**Assignment**
From the line that contains "Throughout the process, I" to the last line of the data below, transcribe every line exactly. Do not include the pictures.

*** Given information ***

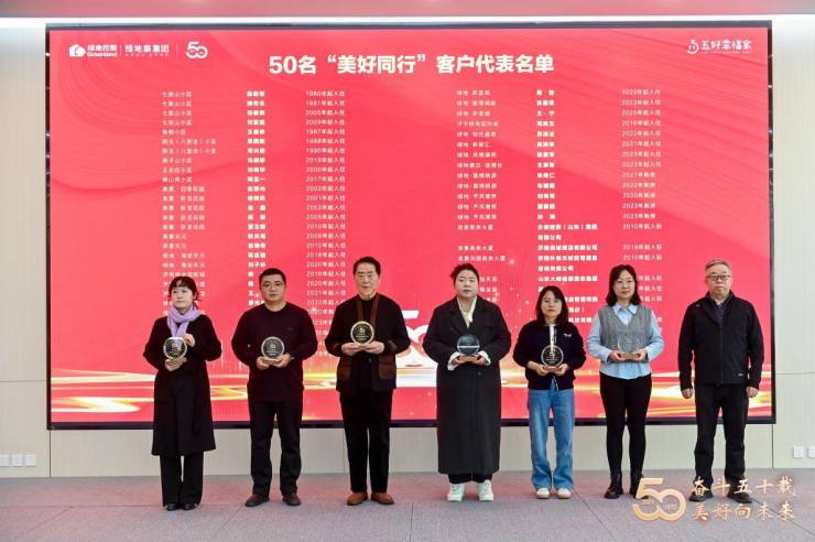 大会还展播了《相伴五十载,美好共前行:绿地泉50年“美好同行”代表访谈录》,并向历时6个月推荐评选出的50位员工代表、50个合作伙伴代表及50名客户代表颁发“美好同行”荣誉证章。三个“50”,三位一体,共同凝聚成绿地泉事业发展的磅礴力量。这一幕,充分彰显了“携手同心”的理念,也为企业的未来发展注入了深厚而坚定的人心根基。
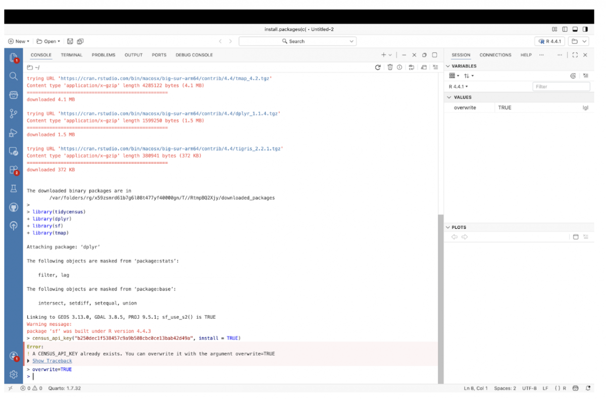 Throughout the process, I documented each step with screenshots, including moments where things did not immediately work as expected. That friction is part of the story. Restarting the R session after registering an API key, understanding where exported files are saved, and recognizing how spatial objects behave in R are all small details that matter when you are new to this workflow.
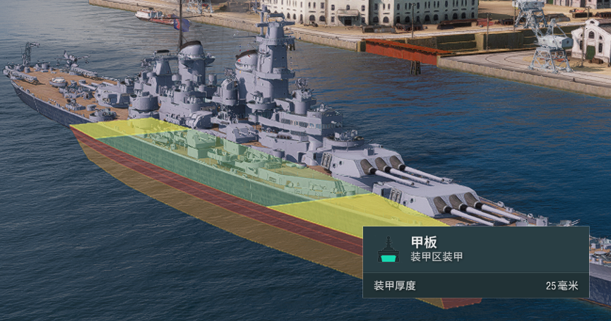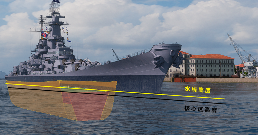 装甲方面,威斯康星虽然看起来是衣阿华船体,但实际上拿到的是伊利诺伊同款潜水核心船体。水下1.52米的核心区高度让威斯康星成为了目前Ⅹ级战列舰中核心最低的选手,再加上收窄的核心区宽度,使得威斯康星的水平核心防护还是相当可靠的。
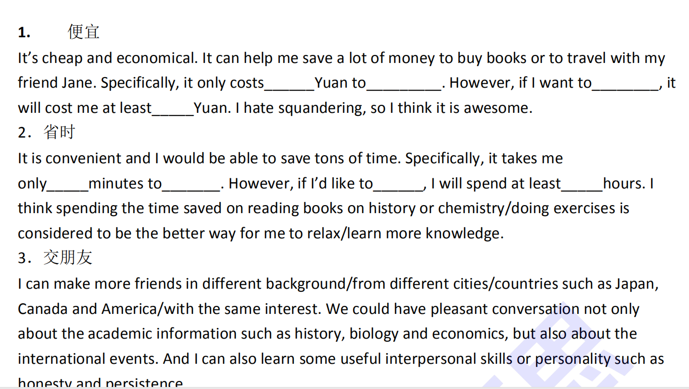 托福口語一二題模板
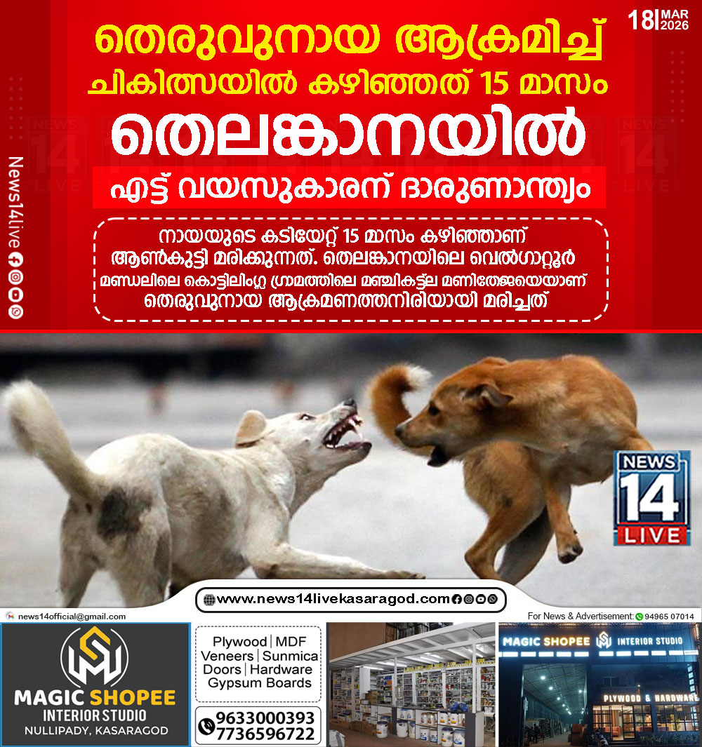 ജഗ്തിയാല്: തെരുവുനായ ആക്രമിച്ച് ചികിത്സയില് കഴിഞ്ഞത് 15 മാസം. തെലങ്കാനയില് എട്ട് വയസുകാരന് ദാരുണാന്ത്യം. നായയുടെ കടിയേറ്റ് 15 മാസം കഴിഞ്ഞാണ് ആണ്കുട്ടി മരിക്കുന്നത്. തെലങ്കാനയിലെ വെല്ഗാറ്റൂര്…

*** End of Given information ***

**Exercise response**
 Throughout the process, I documented each step with screenshots, including moments where things did not immediately work as expected. That friction is part of the story. Restarting the R session after registering an API key, understanding where exported files are saved, and recognizing how spatial objects behave in R are all small details that matter when you are new to this workflow.
 装甲方面,威斯康星虽然看起来是衣阿华船体,但实际上拿到的是伊利诺伊同款潜水核心船体。水下1.52米的核心区高度让威斯康星成为了目前Ⅹ级战列舰中核心最低的选手,再加上收窄的核心区宽度,使得威斯康星的水平核心防护还是相当可靠的。
 托福口語一二題模板
 ജഗ്തിയാല്: തെരുവുനായ ആക്രമിച്ച് ചികിത്സയില് കഴിഞ്ഞത് 15 മാസം. തെലങ്കാനയില് എട്ട് വയസുകാരന് ദാരുണാന്ത്യം. നായയുടെ കടിയേറ്റ് 15 മാസം കഴിഞ്ഞാണ് ആണ്കുട്ടി മരിക്കുന്നത്. തെലങ്കാനയിലെ വെല്ഗാറ്റൂര്…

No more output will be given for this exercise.